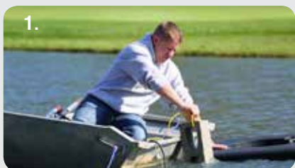
1. Ancore o flutuador.*
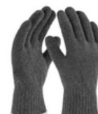
TALLAS: UNITALLA Paquete 12 pares (33/43/70 GRAMOS)
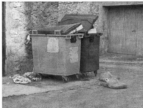
CONTENEDORES SIN SEPARACIÓN

basuras pero supongo que existirá un control sobre estos residuos y por tanto una selección y reciclaje.
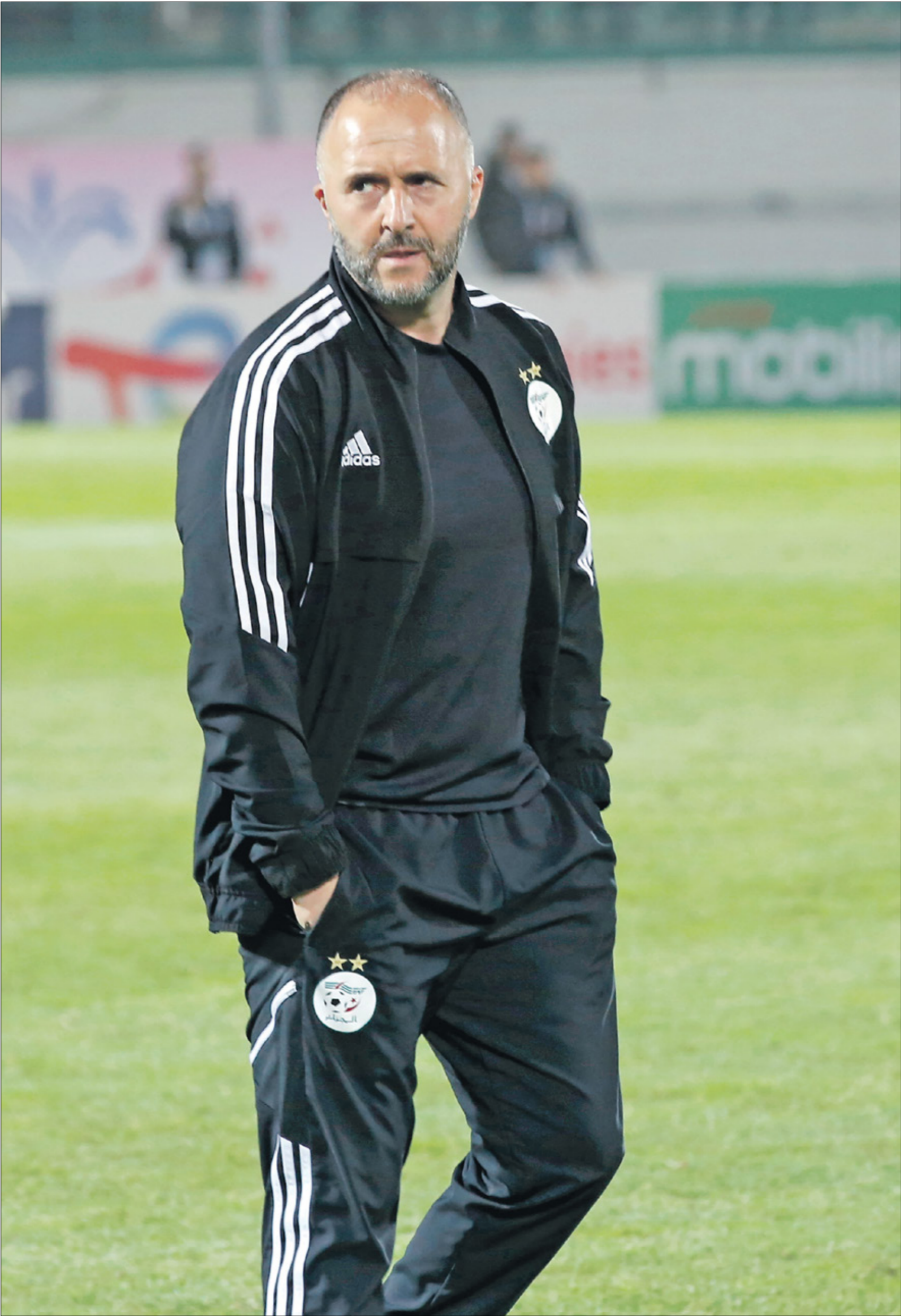
بلماضي كان فريدا من تراك منصبه محريا للجزائر
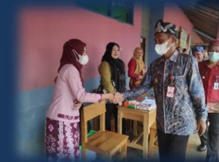
Pelayanan Keliling Perizinan Berusaha
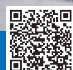
Судостроительный завод «Северная верфь»
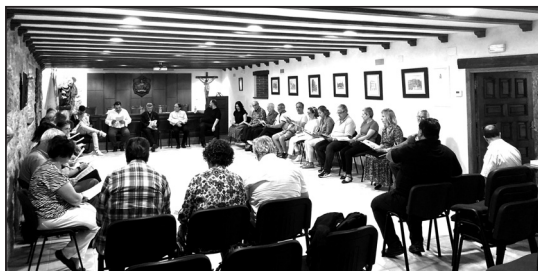
Consejo Pastoral Diocesano

Todo esto no se queda sólo en la revisión del camino hecho, sino que nos lanza hacia el futuro en un camino realmente abierto.
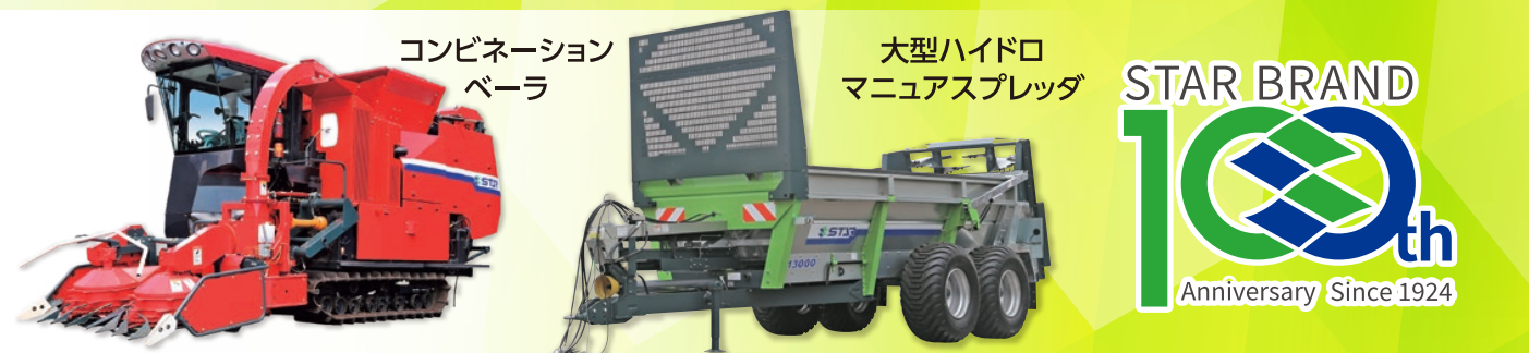
コンビネーション ベアラ
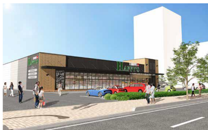
【天満屋ハピーズ昭和町店】

周辺施設には、「イオンモール岡山」(徒歩5分)や「奉還町商店街」(徒歩10分)などがあり、生活利便性が高い立地にあります。また、「厳井東公園」(隣接)や「岡山市立石井幼稚園」(徒歩6分)や「岡山市立石井小学校」(徒歩7分)、「済生会病院」(徒歩17分)など医療・教育施設、公園なども充実しています。
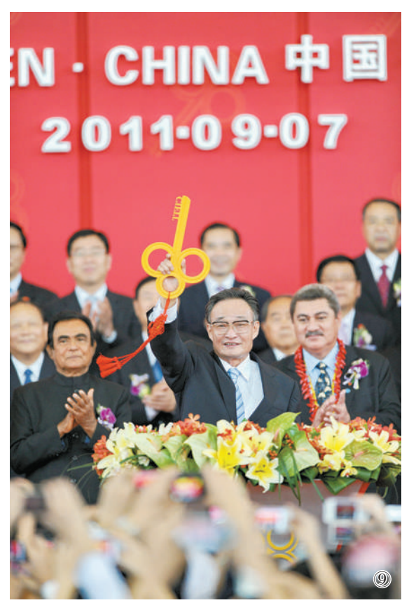
图⑨:二〇一一年九月七日,吴邦国同志在福建厦门出席第十五届中国国际投资贸易洽谈会开幕式。

吴邦国同志是中国特色社会主义民主法治建设的重要领导者。他强调,如果没有比较完备的、高质量的法律法规,就谈不上实现社会主义民主政治的制度化、规范化和程序化,就谈不上依法治国、建设社会主义法治国家。在党中央领导下,他将立法工作作为全国人大及其常委会的首要任务,紧紧围绕党中央确定的立法工作目标,坚持科学立法、民主立法,适应社会主义市场经济发展、社会全面进步和加入世贸组织的新形势,把中国特色社会主义法律体系中基本的、急需的、条件成熟的法律作为立法重点,抓紧制定修改相关法律,集中开展法律清理工作。2003年3月,他担任中央宪法修改小组组长,在中央政治局常委会领导下主持宪法修改工作。由十届全国人大二次会议通过的宪法修正案,确立了“三个代表”重要思想在国家政治和社会生活中的指导地位,明确国家尊重和保障人权、依法保护公民的私有财产权和继承权等内容,对促进我国经济社会发展、推进中国特色社会主义民主法治建设具有重要意义。在他的主持下,第十届、十一届全国人大及其常委会共审议通过宪法修正案草案、法律草案、法律解释草案和有关法律问题的决定草案186件,包括物权法、企业破产法、企业所得税法、公务员法、行政许可法、治安管理处罚法、劳动合同法、未成年人保护法、妇女权益保障法、关于加强网络信息保护的決定等。在党中央领导下,他主持制定反分裂国家法,把党和国家对台工作的大政方针和政策措施以法律形式固定下来,为反对和遏制“台独”分裂活动、促进祖国和平统一提供有力法律保障。他主持对香港特别行政区基本法、澳门特别行政区基本法及其附件有关条款作出解释并通过相关决定,推动两个基本法正确实施和“一国两制”方针贯彻落实。他主持制定修改一系列对中国特色社会主义事业发展具有重大影响的法律,为推动形成中国特色社会主义法律体系作出重要贡献。(下转第六版)
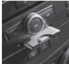
PCMCIA Multi-Card Reader
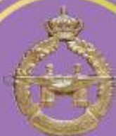
Basistembleem KLD
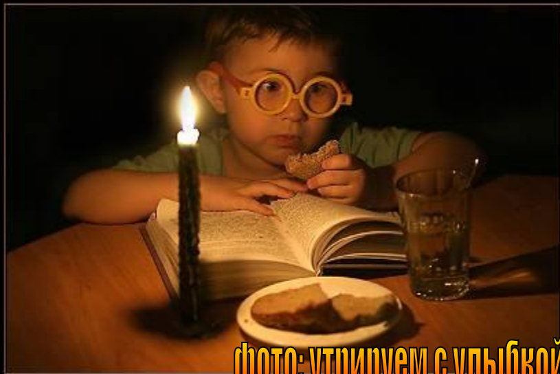
фото: утрируем с улыбкой!
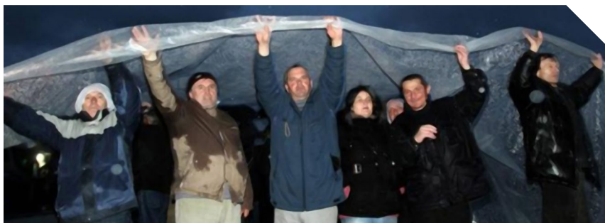
Imenovati TO ratom

Važno je napomenuti, da Zakon o ustavnom sudu eksplicitno ne predviđa postupak ocene ustavnosti i zakonitosti načina i postupka na koji su usvojeni predlozi zakona, odnosno radnje državnog organa koji učestvuju u proceduri donošenja zakona, tako da se često dešava da se Zakoni i drugi opšti pravni akti donose u neustavnoj proceduri i da kao takvi kasnije egzistiraju u pravnom životu, bez efikasnog pravnog sredstva koje bi sprečilo njihovu egzistenciju.
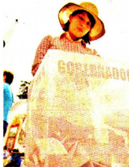
La elección del Estado de México, ejemplar.
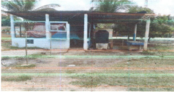
SUSTITUCIÓN DE LAMINA POR LAMINA TROQUELADA ALUZINC CALIBRE 26
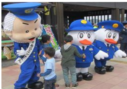
春の交通安全運動 安来・米子合同 交通安全街頭広報
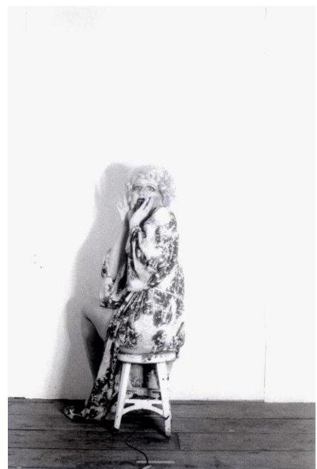
Photographe : Cindy Sherman
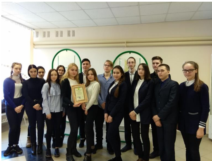
Наши ребята – добровольцы, активные участники городских мероприятий.
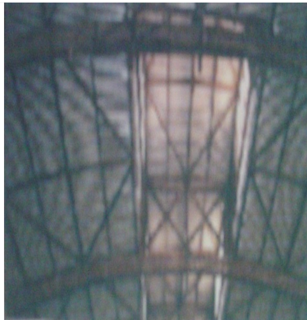
Estrutura da cobertura em arcos laminados de madeira, 2003.
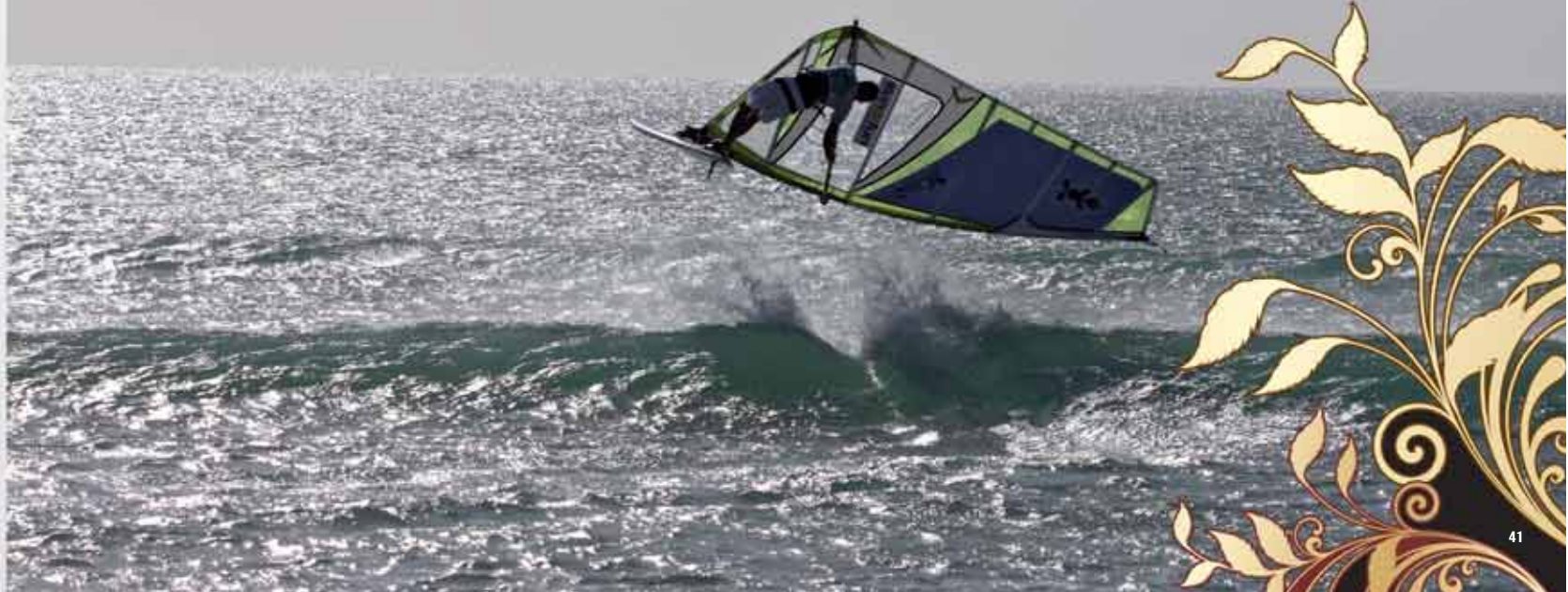
Ogni tanto, anche quando lo swell non è attivo, entrano nella laguna di Turtle Bay divertenti onde da saltare e surfare con il vento off-shore.

# # #

Although the records hold pictures, the copy must not; give again exactly the lines from the one with "周辺施設には、「イオンモール" through the one with "Imenovati TO ratom".

Answer section =
周辺施設には、「イオンモール岡山」(徒歩5分)や「奉還町商店街」(徒歩10分)などがあり、生活利便性が高い立地にあります。また、「厳井東公園」(隣接)や「岡山市立石井幼稚園」(徒歩6分)や「岡山市立石井小学校」(徒歩7分)、「済生会病院」(徒歩17分)など医療・教育施設、公園なども充実しています。
图⑨:二〇一一年九月七日,吴邦国同志在福建厦门出席第十五届中国国际投资贸易洽谈会开幕式。

吴邦国同志是中国特色社会主义民主法治建设的重要领导者。他强调,如果没有比较完备的、高质量的法律法规,就谈不上实现社会主义民主政治的制度化、规范化和程序化,就谈不上依法治国、建设社会主义法治国家。在党中央领导下,他将立法工作作为全国人大及其常委会的首要任务,紧紧围绕党中央确定的立法工作目标,坚持科学立法、民主立法,适应社会主义市场经济发展、社会全面进步和加入世贸组织的新形势,把中国特色社会主义法律体系中基本的、急需的、条件成熟的法律作为立法重点,抓紧制定修改相关法律,集中开展法律清理工作。2003年3月,他担任中央宪法修改小组组长,在中央政治局常委会领导下主持宪法修改工作。由十届全国人大二次会议通过的宪法修正案,确立了“三个代表”重要思想在国家政治和社会生活中的指导地位,明确国家尊重和保障人权、依法保护公民的私有财产权和继承权等内容,对促进我国经济社会发展、推进中国特色社会主义民主法治建设具有重要意义。在他的主持下,第十届、十一届全国人大及其常委会共审议通过宪法修正案草案、法律草案、法律解释草案和有关法律问题的决定草案186件,包括物权法、企业破产法、企业所得税法、公务员法、行政许可法、治安管理处罚法、劳动合同法、未成年人保护法、妇女权益保障法、关于加强网络信息保护的決定等。在党中央领导下,他主持制定反分裂国家法,把党和国家对台工作的大政方针和政策措施以法律形式固定下来,为反对和遏制“台独”分裂活动、促进祖国和平统一提供有力法律保障。他主持对香港特别行政区基本法、澳门特别行政区基本法及其附件有关条款作出解释并通过相关决定,推动两个基本法正确实施和“一国两制”方针贯彻落实。他主持制定修改一系列对中国特色社会主义事业发展具有重大影响的法律,为推动形成中国特色社会主义法律体系作出重要贡献。(下转第六版)
PCMCIA Multi-Card Reader
Basistembleem KLD
фото: утрируем с улыбкой!
Imenovati TO ratom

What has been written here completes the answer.